The Bohemians

The Bohemians coverThe Bohemians: A Novel
Jasmin Darznik
Ballantine Books (April 6, 2021), 334 pages
Kindle edition $13.99, Amazon hardcover $16.99

I don’t often read historical fiction, but a favorable review of The Bohemians prompted me to add it to my reading list. I’m glad I did.

The novel is a fictionalized account of the life of photographer Dorothea Lange. With Dorothea speaking in the first person, it follows her as a young woman coming from the East Coast to San Francisco in 1918. She brought only her Graflex camera and a small amount of money, which a good-looking thief stole from her at the ferry terminal. The novel tracks her industriousness and how she convinced a wealthy San Francisco businessman to provide financial backing so she could set up a portrait studio.

Central to the story is Caroline, a Chinese American woman who becomes her assistant. Through Caroline Dorothea learns that San Francisco of 1918 was a bigoted city where people held a strong prejudice against Asians and Italians. The climax of the book centers on a horrific act of violence against Caroline and Dorothea’s efforts to identify the attacker and exact revenge.

Most of us are familiar with Lange as the photojournalist who documented the Great Depression, in particular via that iconic photo of the migrant farm worker with her children. But in the novel this part of her life represents only a small section at the end of the book. Darznik focuses most of the novel on her effort to create a business out of nothing and then on her success as a portrait photographer to San Francisco’s rich and famous. That, and how her life was intertwined with Caroline.

Darznik intermixes what we know historically with wholly imagined fiction. She provides both an Author’s Note and a Historical Notes section at the end of the book. These sections tell us what we know as fact and what the author has imagined.
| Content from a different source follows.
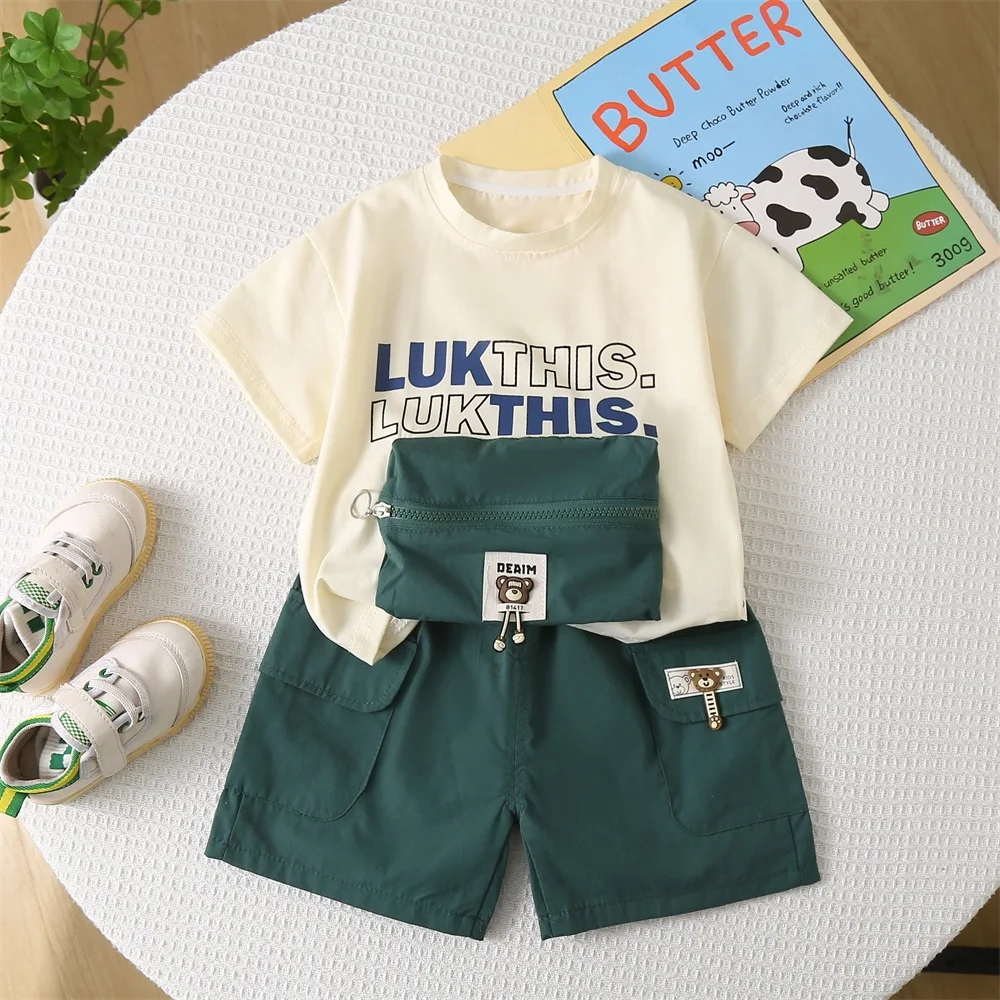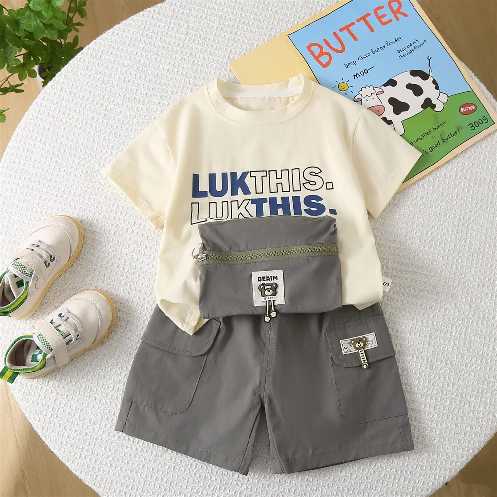 Cheap Price Summer Kids Clothes for 1-5 Years Kids Cartoon Character Outfit T-shirt and Chinos Boys Shorts Sets

For example, the novel describes her marriage to and eventual divorce from the artist Maynard Dixon, a much older man. All of that really happened. On the other hand, all we know about Dorothea’s assistant is that she was of Asian background and that some sources refer to her as Ah-yee. Darznik in her author’s note tells us that “Caroline Lee comes from my imagination.”

The author does a good job avoiding anachronisms until near the end of the book. There she has a couple of slip-ups. She uses the word “scrum” when referring to a crowd of people. That, of course, is a rugby term more recently adopted by the high-tech world. People in depression-era America wouldn’t have known the word. She refers to pulling off the freeway during her travels. I don’t believe there were freeways in the rural Bay Area of the 1930s. In another narrative disconnect she mentions coming home to her sons after being away taking pictures for several days. Sons who up to that point the narrator hadn’t mentioned.

Those are minor faults, however. Darznik’s writing flows beautifully and her plot is compelling. The Bohemians was enjoyable reading and offers a vivid portrait of San Francisco in the first half of the twentieth century.